To ease the explanation and better support the discussion throughout the paper, we use a very simple case study based on a fictions academic management system described below:

Case Study - Academic Management System (AMS):

The Academic Management System (AMS) should support two types of end-users: students and professors. Each person has a name, gender, date of birth, ID card, place of origin and country. Students are enrolled in a given academic program, which is composed of many courses. Professors have an academic degree, are associated to a given department and lecture one or more courses. Each course has a name, academic term and can have one or more locations and academic programs associated. Additionally, a course is associated to a schedule composed of many class periods determining its duration and the day it occurs.
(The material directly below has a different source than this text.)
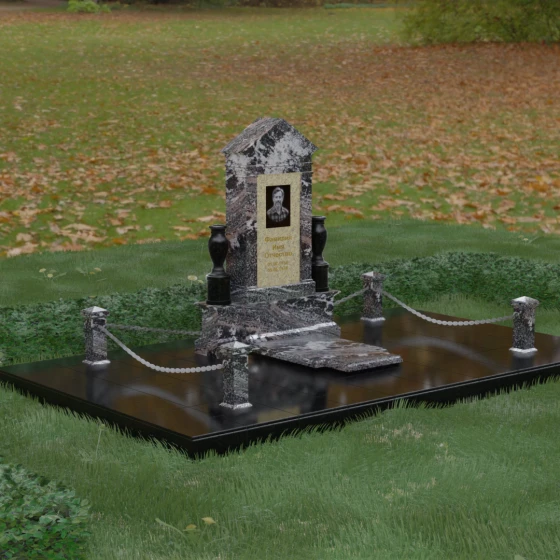 Сложная геометрия изделия подчеркивается безупречной зеркальной полировкой, в которой отражается мир, создавая ощущение глубины и пространства. Мемориальная композиция включает в себя не только основное изваяние, но и полностью благоустроенный участок. Основанием служит массивный гранитный цоколь, обеспечивающий вековую устойчивость всей конструкции. Вместо открытого грунта используется сплошная надгробная плита с идеальной фаской по периметру. Такая конфигурация не только придает захоронению завершенный, парадный вид, но и значительно упрощает уход за местом памяти, исключая появление сорняков и скопление влаги. Особое внимание уделено деталям: по углам участка установлены резные гранитные столбики с конусообразными вершинами, соединенные декоративными цепями. Этот элемент создает символическую границу, отделяющую зону вечного покоя.

The outline of this paper is as follows: Section 2 describes Data Modeling and some representative types of data models used in operational databases, decision support databases and Big Data technologies. Section 3 details the type of operations performed in terms of Data Analytics for these three approaches. Section 4 compares and discusses each approach in terms of the Data Modeling and Data Analytics perspectives. Section 5 discusses our research in comparison with the related work. Finally, Section 6 concludes the paper by summarizing its key points and identifying future work.